A resonator that can be excited by an electrical signal is indeed an electrical or electromechanical device defined primarily by its resonance frequency f0 and its quality factor Q associated with the energy losses of the resonator. The resonance frequency and the quality factor depend on the geometrical parameters and on the nature of the materials used in the case of an electromechanical resonator, or on the values of its R, L or C type components in the case of an electrical resonator. Such a resonator can therefore be used in open loop mode to provide bandpass filtering about its resonance frequency, the bandwidth being all the narrower as the quality factor increases. It can also be used in closed loop mode, using an electronic feedback circuit to handle its oscillation by generating, from the signal supplied by the resonator, a signal capable of exciting the resonator on its resonance frequency f0.
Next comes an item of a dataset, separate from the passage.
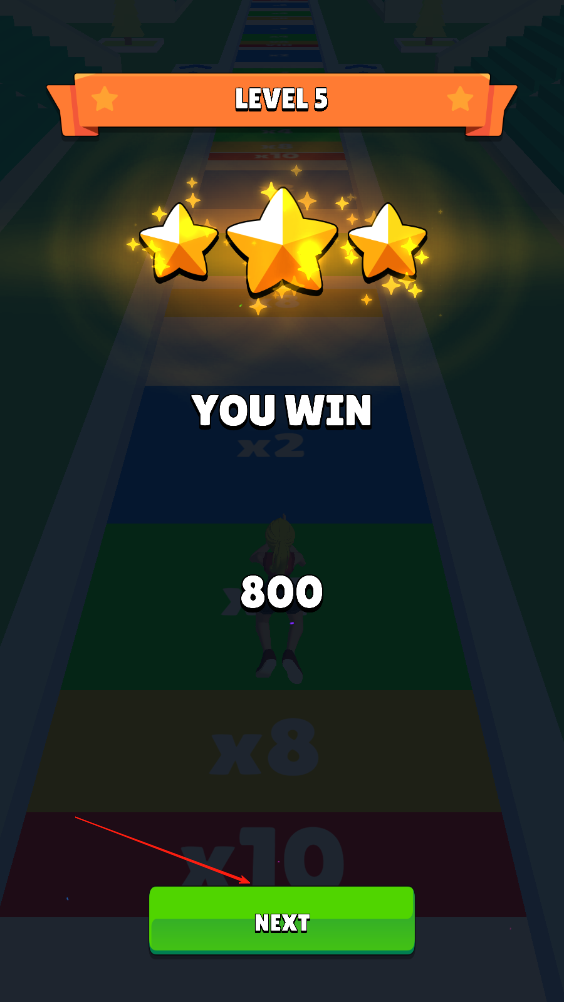 3、冲上终点之后,会利用剩余的进度条冲刺,冲刺到倍数区,获得翻倍奖励,奖励用来购买角色皮肤。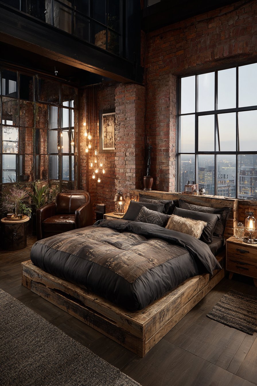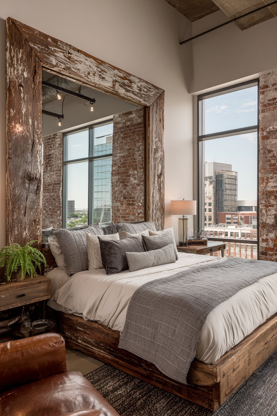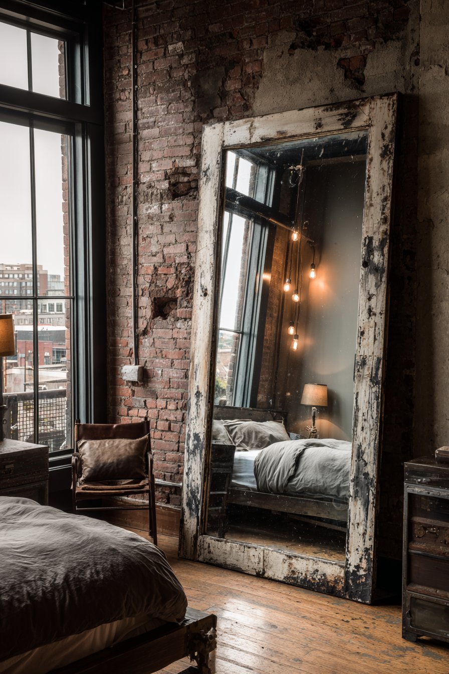 Reclaimed wood nightstands and distressed leather chair complete the industrial scene. The mirror’s authentic weathering adds irreplaceable character. Moody natural lighting from tall industrial windows creates atmospheric effects. The balance between rough and reflective surfaces defines the aesthetic.

An array of coupled resonators is made up of several resonators that are coupled together mechanically (in the case of electromechanical resonators) or electrically (in the case of electrical resonators) so that the excitation of one of them provokes the mechanical vibration or electrical oscillation of all of the coupled resonators that have at least a degree of freedom in this array. These arrays of coupled resonators make it possible to envisage signal processing functions offering better power and better performance than when just one resonator is used. For example, when used to form filters, they make it possible to obtain an extended bandwidth.
Different types of resonators that can be excited by an electrical signal are known and can be used to form such an array. For example, surface acoustic wave (SAW), bulk acoustic wave (BAW) and quartz crystal resonators are electromechanical resonators whose main drawbacks are their relatively large size and their off-chip implementation leading to connections that introduce spurious values and noise and that make them bulky.